Einschätzung zu Eigenständiger Jugendpolitik
Eine neue eigenständige Jugendpolitik in Deutschland ist notwendig. Deutlich wird dies zum einen durch die unzureichende Fokussierung von Politik auf die Jugendphase, zum anderen dadurch, dass dort, wo Politik und Gesellschaft auf die Jugendphase einwirken, dies unkoordiniert und ohne stimmiges Gesamtkonzept erfolgt. Eine gute und eigenständige Jugendpolitik könnte politisches Agieren im Bezug auf das Leben junger Menschen stimmiger, bedarfsgerechter und kohärenter machen. Sie wurde in den letzten Jahren von verschiedenen Akteuren immer wieder eingefordert. Eindrücklich hat das Papier des Bundesjugendkuratoriums „Zur Neupositionierung von Jugendpolitik“1 die Notwendigkeit und Bedeutung von Jugendpolitik in die fachöffentliche Debatte getragen. Die Regierungskoalition hat die Notwendigkeit der Befassung erkannt und die Entwicklung einer eigenständigen Jugendpolitik in ihrem Koalitionsvertrag vereinbart.
Der Deutsche Bundesjugendring (DBJR) hat schon lange vorher deutlich eine stärkere Befassung mit Jugendpolitik eingefordert. Die Fokussierung auf den frühkindlichen Bereich und die gleichzeitige Vernachlässigung der Jugendphase kann so nicht bestehen bleiben. Der Deutsche Bundesjugendring hat außerdem stets betont, dass eine neue Jugendpolitik die veränderten Lebenssituationen junger Menschen in den Blick nehmen und adäquate Antworten geben muss. Dies wird unter anderem im Papier „Selbstbestimmt und nicht verzweckt“ deutlich.

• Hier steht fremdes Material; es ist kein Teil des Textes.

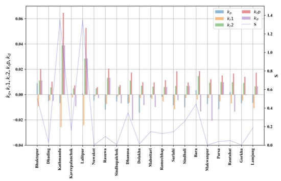 Kp was in a relatively stable range (from −0.01 to 0.01) in most areas. The fastest developing area before the earthquake was Bhaktapur (kp = 0.009), while Rasuwa, Parsa, and Dolakha were the areas with the slowest development (kp < −0.01).

Der DBJR versteht unter Jugend eine Phase von vielen Übergängen, wie vom Kind zum/zur Erwachsenen, von Abhängigkeit zur Autonomie, von Erziehung zum selbstbestimmten Leben, die je nach individueller Lebenssituation länger oder auch kürzer sein kann und keine feste, allgemeingültige Alterspanne umfasst. Um die Jugendphase trotzdem greifbar und operationalisierbar zu machen, empfiehlt der DBJR analog zum SGB VIII und dem Papier des BJK zur Jugendpolitik, schwerpunktmäßig junge Menschen zwischen 12 und 27 als die Gruppe in den Blick zu nehmen, an der sich Jugendpolitik ausrichten soll. Engere Abgrenzungen wie „unter 18-Jährige“ oder völlig willkürliche Alterspannen hält der DBJR für nicht hilfreich in der Diskussion.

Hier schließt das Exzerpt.